Monday, July 27, 2015


“Pixels” is not “Citizen Kane.” Neither is it “cinematic chlamydia.”

It’s a movie with two target audiences: young boys and Gen X’ers who grew up on Atari and arcade games. I heard a group of ten-year-olds talking as they left the theater. One called it the best movie ever; another said it was “pretty amazing.” When I was their age, I had a subscription to Electronic Games magazine and read it cover to cover. Feel free to indulge your antipathy toward Adam Sandler (I have none, though I’m not going full Armond White over him either), but you can’t deny that “Pixels” stays faithful to the premises and characters of those early 80s games. The opening and closing credits ooze love.

The plot posits Kevin James as U.S. President Will Cooper (that can’t be much nuttier than some of the fruitcakes running on both sides). Sandler is his bestie, D.C. tech installer Sam Brenner, and Josh Gad is conspiracy theorist Ludlow Lamonsoff. As kids, they were competitive gamers (in Will’s case, the mechanical claw), with Sam losing the ’82 Donkey Kong championship to the gratingly self-aggrandizing Eddie “Fire Blaster” Plant (Peter Dinklage). A video of that tourney was shot into space as part of a time capsule and now aliens, misinterpreting it as a declaration of war, start sending down pixelated versions of Galaga, Centipede, Pac Man and you-know-who to conquer Earth. 

Lieutenant Colonel Violet Van Patten (Michelle Monaghan) attempts to take control of the government’s military response.
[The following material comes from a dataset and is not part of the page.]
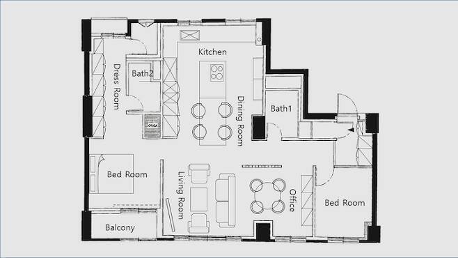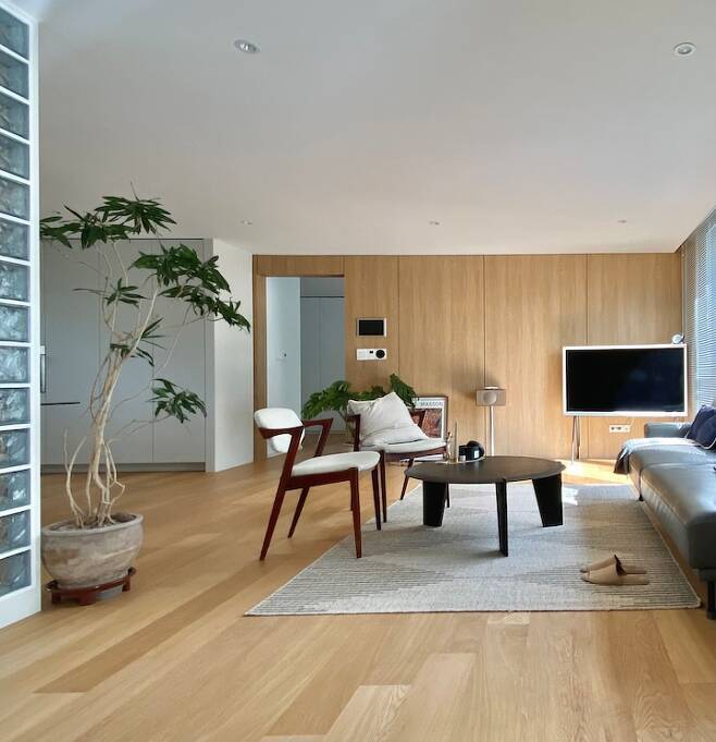 이전 집을 살면서 가장 크게 느낀 것은 공간의 사용성이었습니다. 필요하지 않은 공간은 짐만 두게 되니 필요에 따라 공간의 크기를 달리해야 한다고 생각했어요. 그래서 사용성이 많이 없는 팬트리 공간과 발코니, 알파룸까지 가벽을 삭제하고 합치면서 최대한 공간을 간결하고 깔끔하게 만들었습니다.

She’s thwarted by Sam, who met her as a private citizen when her son called him to set up the many cool gadgets he got for his parents’ divorce. Monaghan and Sandler share a classically funny love-hate byplay. Gad flexes the comic muscles he showed in “The Wedding Ringer” earlier this year, and Dinklage has an effective running gag involving his fantasy three-way with Serena Williams and Martha Stewart. While it produces more chuckles than guffaws, there is humor to be found in a situation where established protocols give way to suddenly life-and-death stakes. 
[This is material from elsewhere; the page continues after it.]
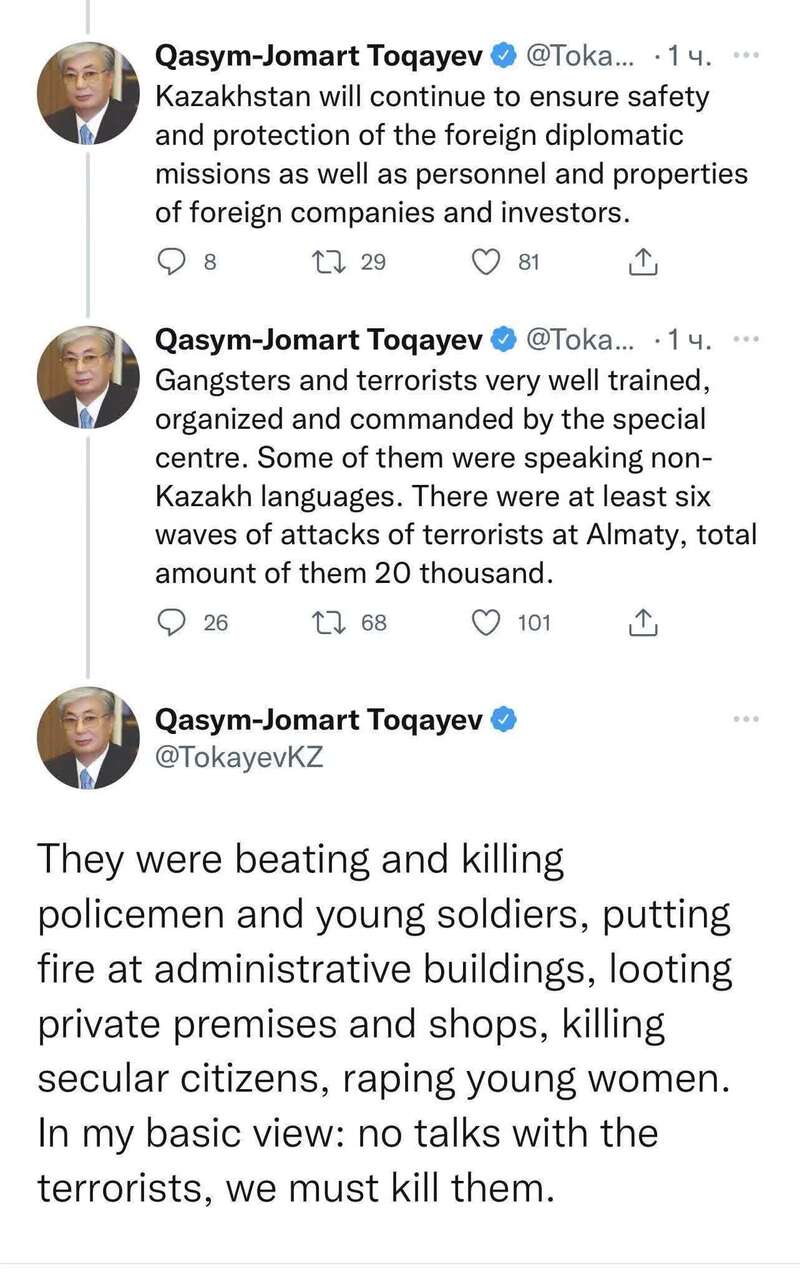 托卡耶夫还表示,袭击阿拉木图的暴徒和恐怖分子接受了良好的训练,组织严谨,受特别中心的指挥。他们中的有些人讲的不是哈萨克语。两万名左右的恐怖分子一共对阿拉木图发起了至少六波进攻。

The high definition and high fidelity of the game scenes themselves evoke warmly nostalgic feelings. It’s awesome to see the airborne mushrooms of Centipede, the force field of Galaga, the Mini Cooper “ghosts” that chase Pac-Man through the city, the ape whose stomps produce the uneven scaffolding of Donkey Kong. Here’s a movie that knows when you shoot the centipede’s body instead of its head, it just divides. Knows the patterns and strategies and scores of every game in the arcade. There’s a fair amount of juvenile material to scoff at if you so desire, but for those of us who spent countless hours and quarters on Asteroids and Defender and Frogger, "Pixels" is lovely and true.